The lack of acceptable contract negotiations over fair pay to writers is costing the studios significantly more than they would have lost by compensating their writing staff by accepting the WGA’s terms.

“They claim that you don’t need writing staff during production and that writing doesn’t happen in post. Well, as anyone who’s ever written for a TV show or knows how a TV show gets made knows, that is flat-out false,” said Yahlin Chang, WGA’s negotiating committee member. 

“Once an episode goes into prep and your production team comes back and says you’re a million dollars over budget, only writers can figure out how to consolidate scenes and do the rewriting necessary to keep the integrity of the story. And the lie that ‘writing doesn’t happen in post’ is how the companies have gotten away with forcing showrunners to work in post for free and for below minimum.”

Writers have been picketing since May 2nd over contract negotiations. Yesterday, the WGA held a “March and Rally for a Fair Contract” in Los Angeles. Thousands of writers and supporters joined the march starting at Pan Pacific Park and headed to the La Brea Tar Pits. The SAG-AFTRA, IATSE, the Directors Guild, and the American Federation of Musicians all came out to support the WGA. 

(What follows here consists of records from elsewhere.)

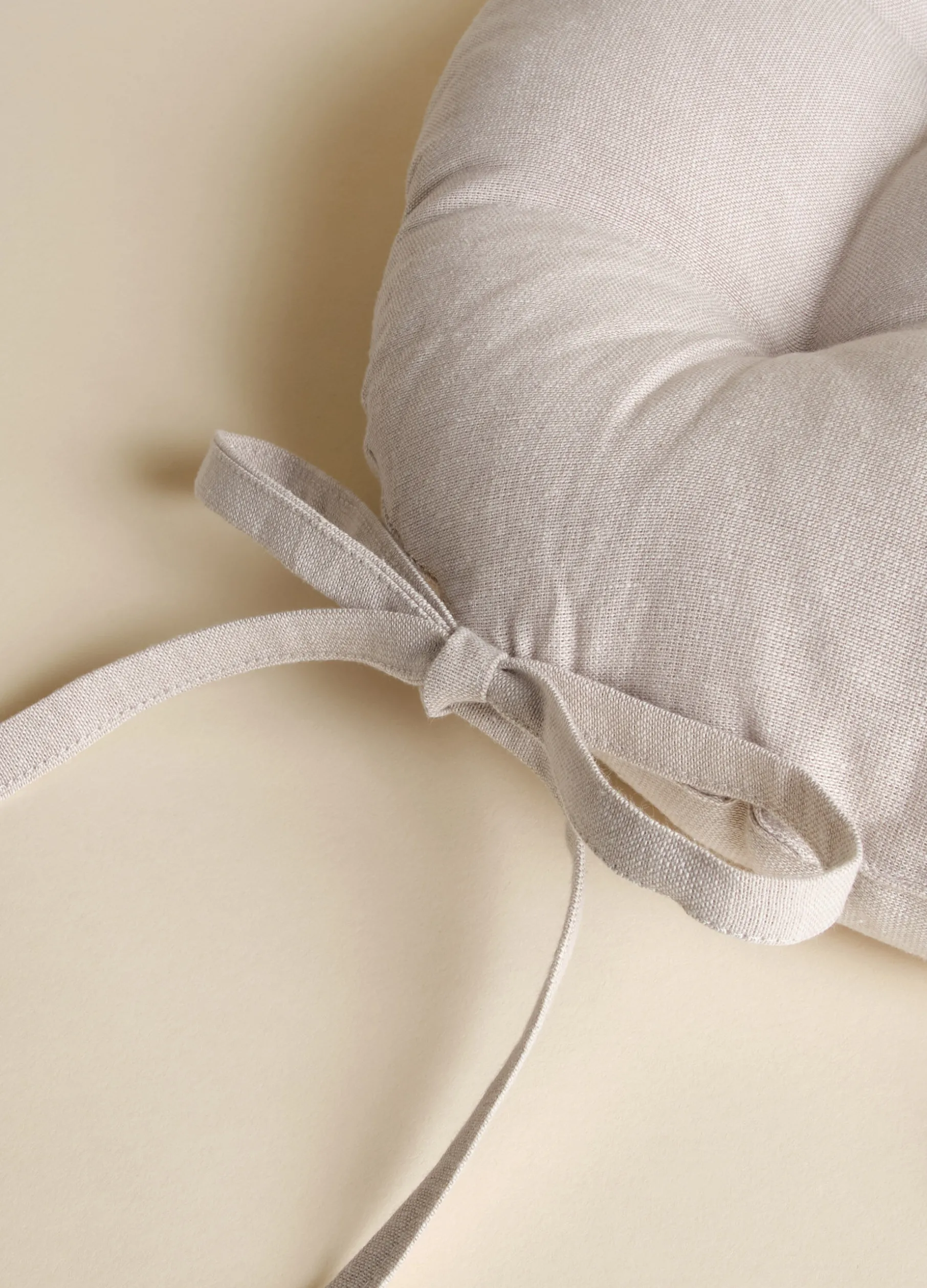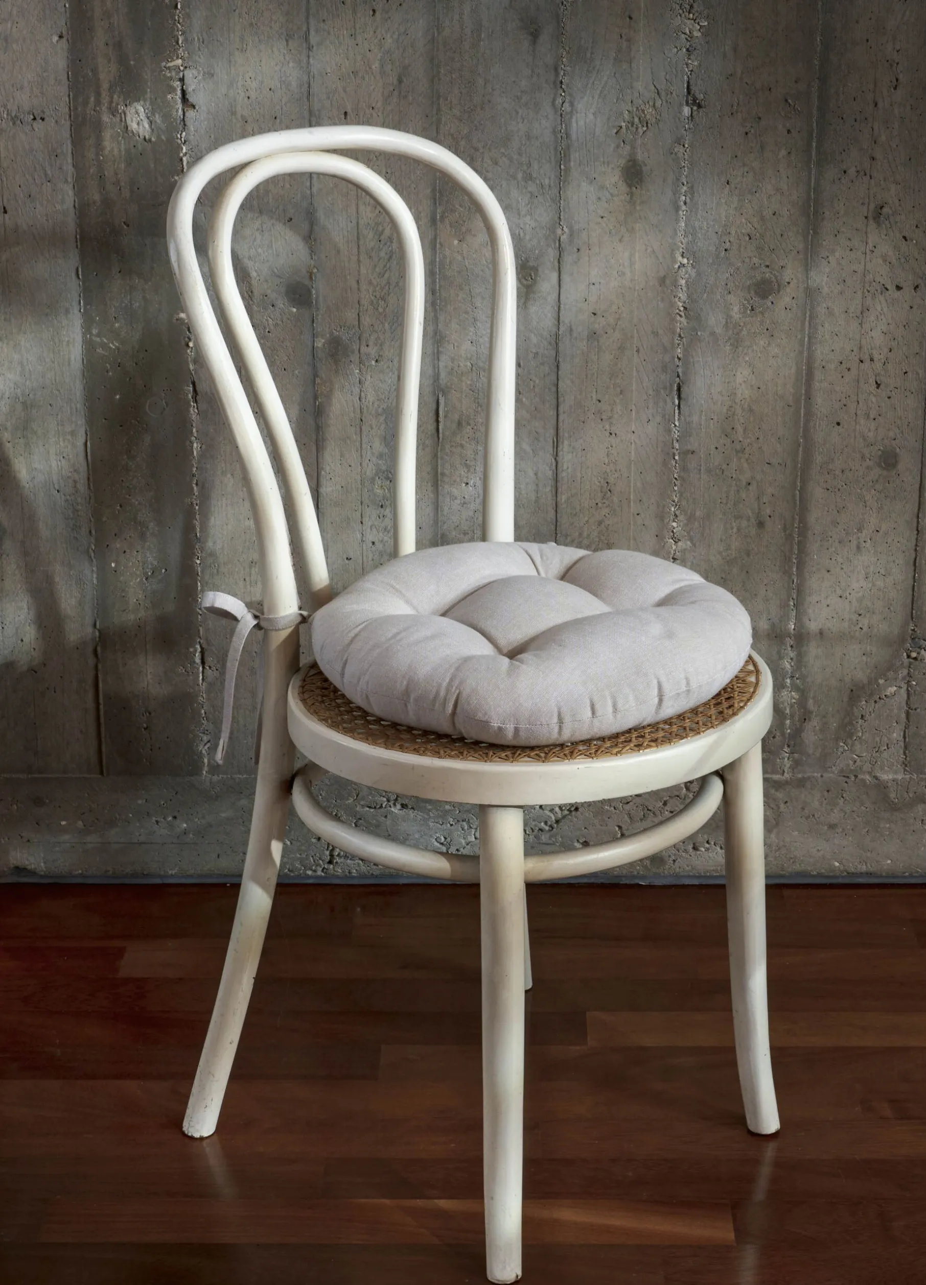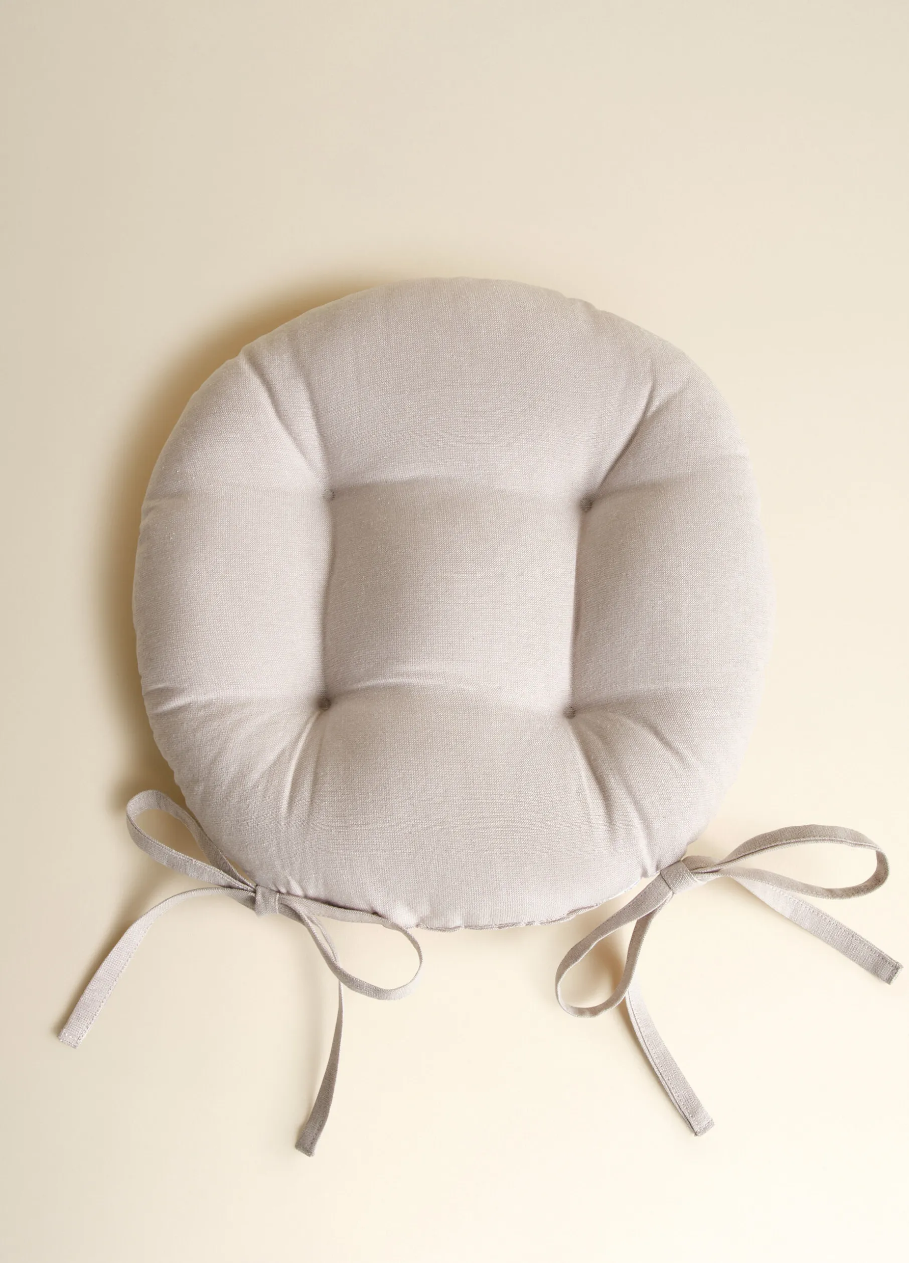 Cuscino rotondo per sedie da cucina in puro cotone beige chiaro dalla caratteristica texture leggermente grezza. Completo di imbottitura trapuntata e laccetti.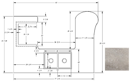 Countertop - Kitchen Top Extension - 3513P - 23" x 15 3/4" - Pressed - w/Buildup - Aurora Marble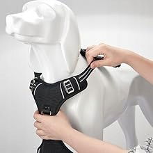 Włóż głowę psa do pasa piersiowego za pomocą odpinanej klamry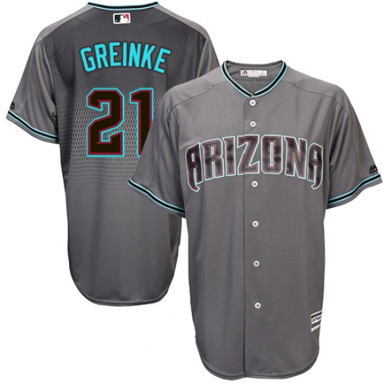 Home>MLB>Arizona Diamondbacks>Zack Greinke>Men's Majestic Arizona Diamondbacks #21 Zack Greinke Authentic Gray/Turquoise Cool Base MLB Jersey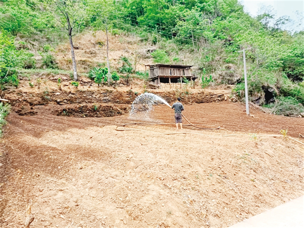 4月25日,平利縣長安鎮(zhèn)金沙河村安排運(yùn)輸投送農(nóng)業(yè)生產(chǎn)用水,對(duì)500畝烤煙幼苗進(jìn)行灌溉。胡鈴鈴 攝
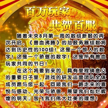 今日(8月7日),随着三组新服的开放,由热门玄幻小说改编、09年最成功网游《兽血沸腾》,服务器总数达到100组,游戏首次呈现百服同爆满的壮观盛况,同时也标志着游戏进入了一个崭新的百服时代。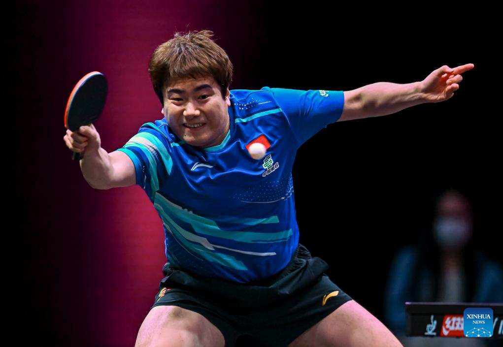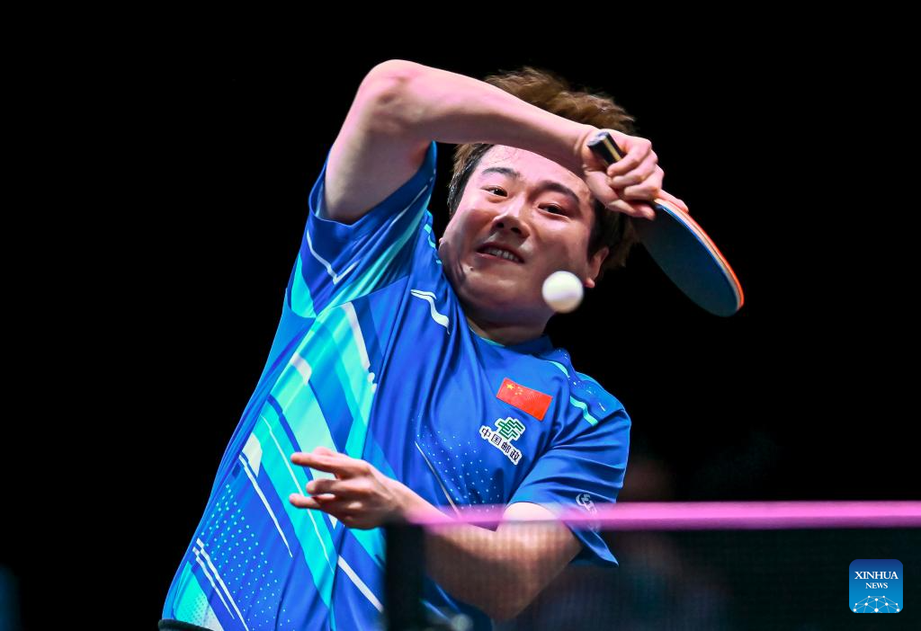 Liang Jingkun of China competes during the men's singles Round of 32 match against Quadri Aruna of Nigeria at the WTT Champions Doha 2026 in Doha, Qatar, Jan. 8, 2026. (Photo by Nikku/Xinhua)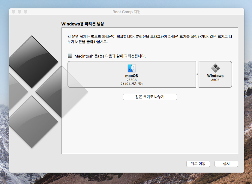 윈도우와 맥을 어떻게 파티션을 나눌것인지 용량을 정해주고 '설치'를 클릭해준다.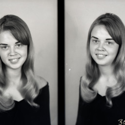 Photo of two separate portrait photographs of Sheila Berchdorff as a young woman with long hair.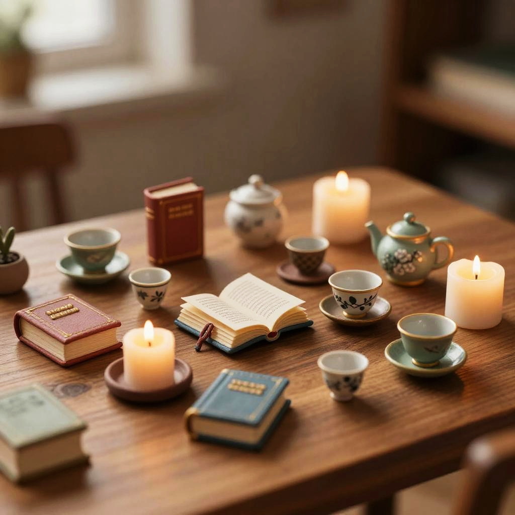 Tinyspo concept art, intricate close-up of tiny handcrafted objects like tiny books, teacups, and candles arranged artfully on a wooden table, warm cozy atmosphere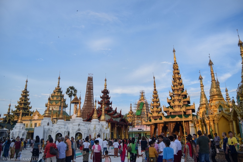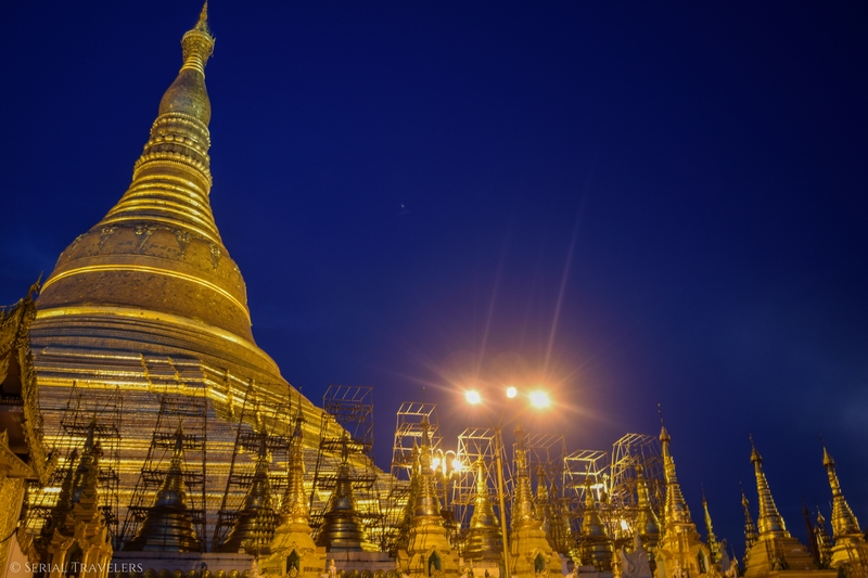 Vers 16H, nous sautons dans un taxi pour rejoindre Shwedagon, la plus grande pagode du pays ! Outre sa taille imposante, la pagode Swedagon est le temple bouddhiste le plus important du Myanmar, car elle abrite des reliques et des cheveux d’anciens Bouddhas ! C’est un fait très rare pour un lieu de culte bouddhiste. WAHOU, elle nous a tellement impressionné que nous lui avons concocté un petit article rien que pour elle 😊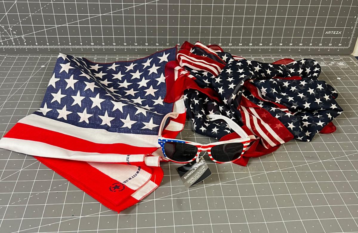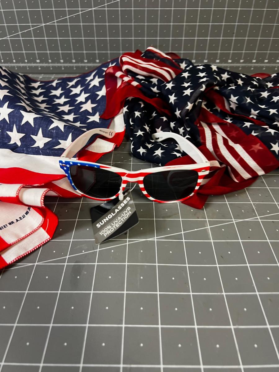 Can't go wrong here. 2 nice scarfs, a kerchief and sun glasses. Perfect attire for the next Protest or Rally?!?!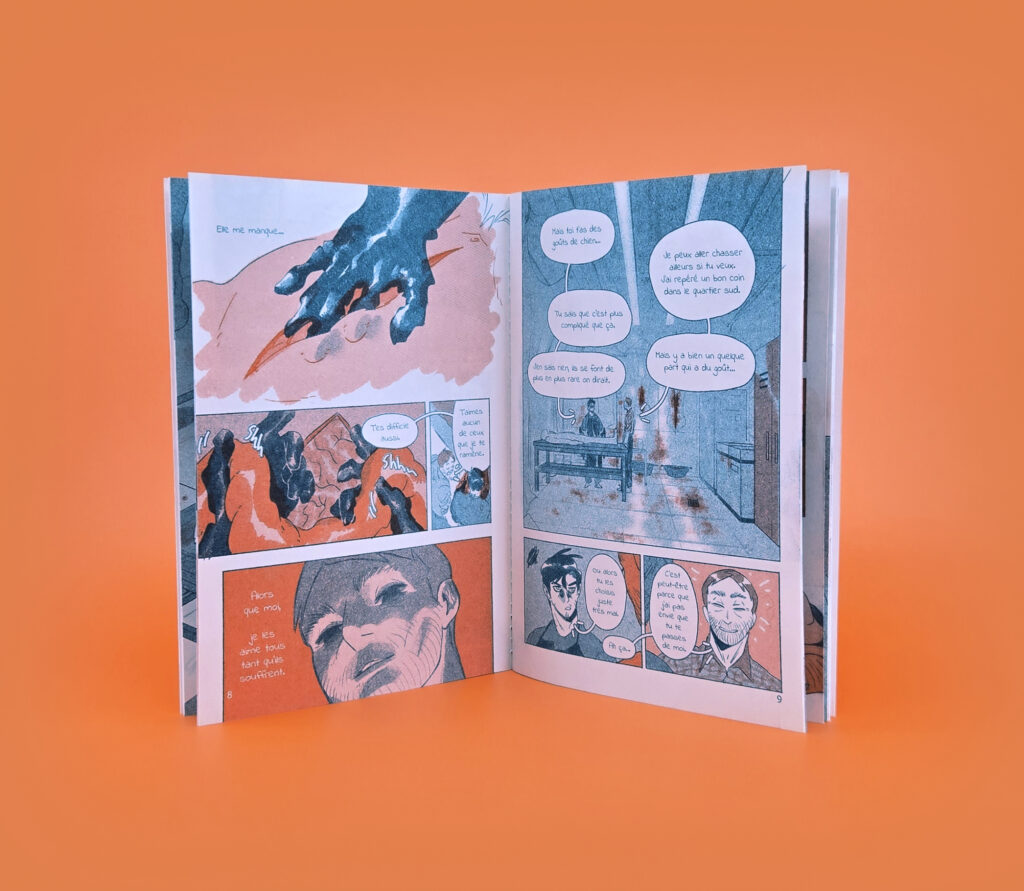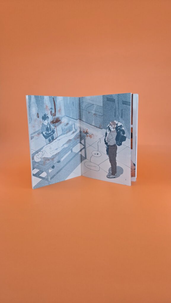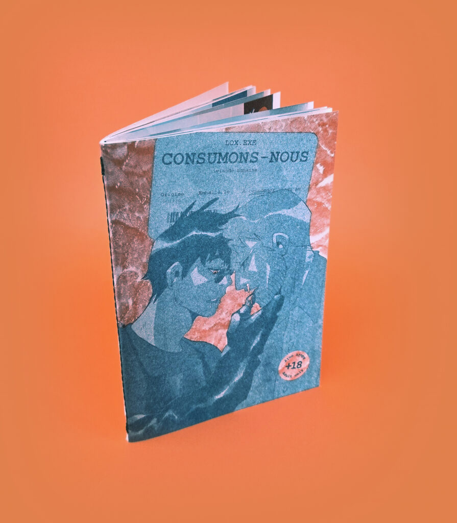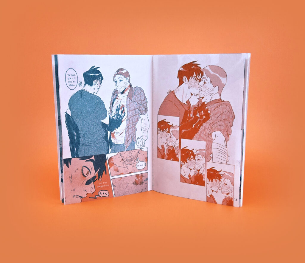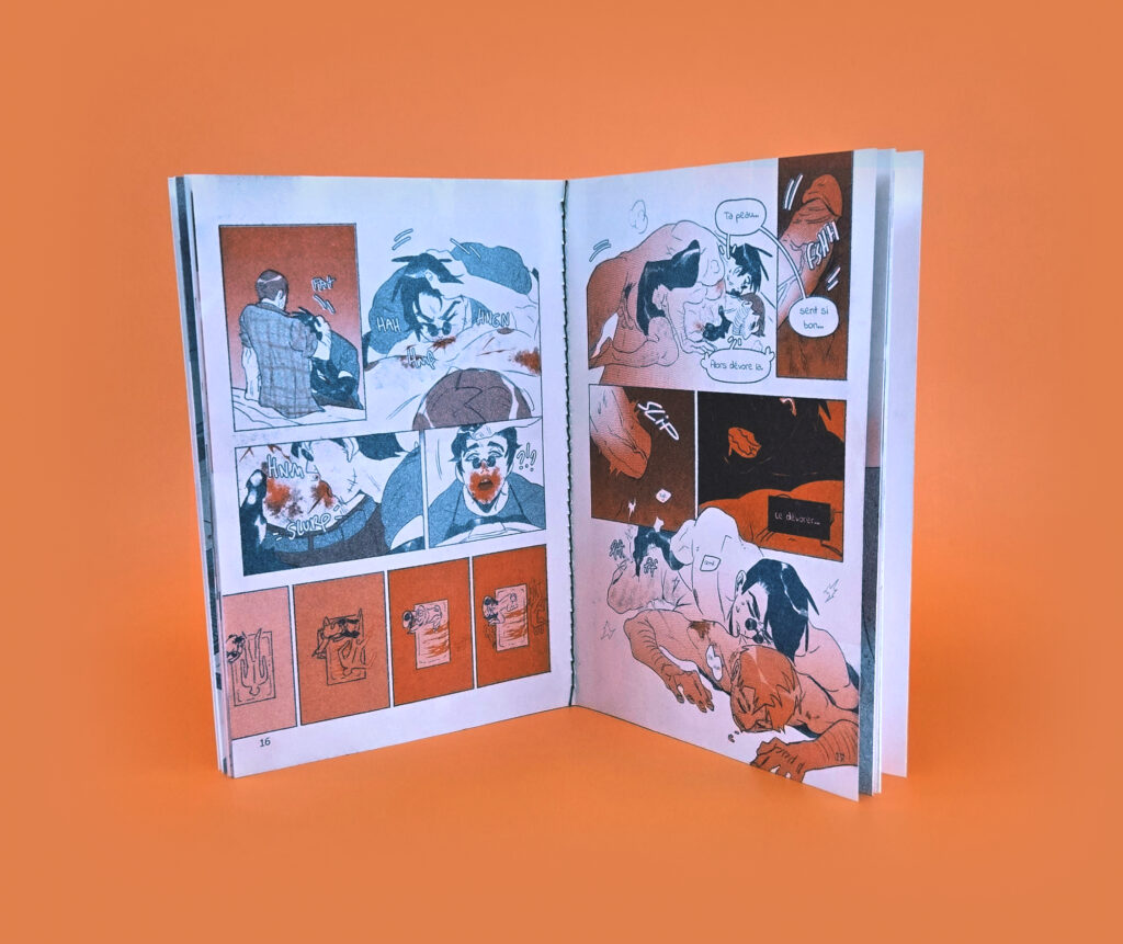 C’est un projet riso de 32 pages qui explore les thématiques du cake-verse, un sous-genre un peu trash de l’omegaverse. Ou les « Fork » des gens ayant totalement perdu le sens du goût et les « Cake » des gens dont la chair possède un goût unique pour ces premier, vive en cohabitation… du moins essai.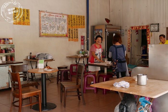 | 店裡的座位區有到鄰居家作客的感覺,有一種會有很多長輩一起齊聚吃早餐的溫馨空間,看著鏡頭的就是老闆娘,她的熱情活力,臉上總是掛著微笑,看到他彷彿一整天都很美好。 |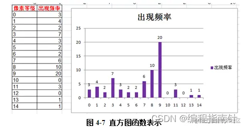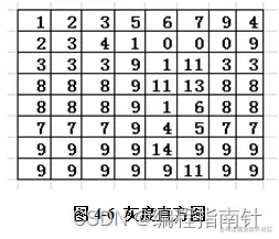 图像直方图是指图像的所有像素值处于(0-255)中的灰度等级出现的次数进行累加的数量,并且相应地生成的直方图。直方图(图4-6)反映图像的灰度级的分布特性。而图4-7反映灰度大小和它在图片中出现次数的直接关系,x坐标轴代表的是灰度大小,y坐标轴代表对应灰度在图片中出现的数量(即像素的数量),其全部坐标系统描述了图像的灰度级的分布,从而使图像的灰度分布特性可以看到的,也就是说,如果大多数像素都集中在低灰度区中,图像被呈现。

“The degradation of writers’ working conditions and wages is unsustainable. We already know this and quite frankly, the entire town does too. It is precisely what the Guild is fighting to change with the proposals we have on the table,” said Chang. “The destruction of the writers’ room will undermine our union and threaten our health and pension plans. We need to secure the stability for the current membership as well as generations of writers coming up after us.”

Sadly for now no end is in sight as both sides still seem far apart on finding a deal.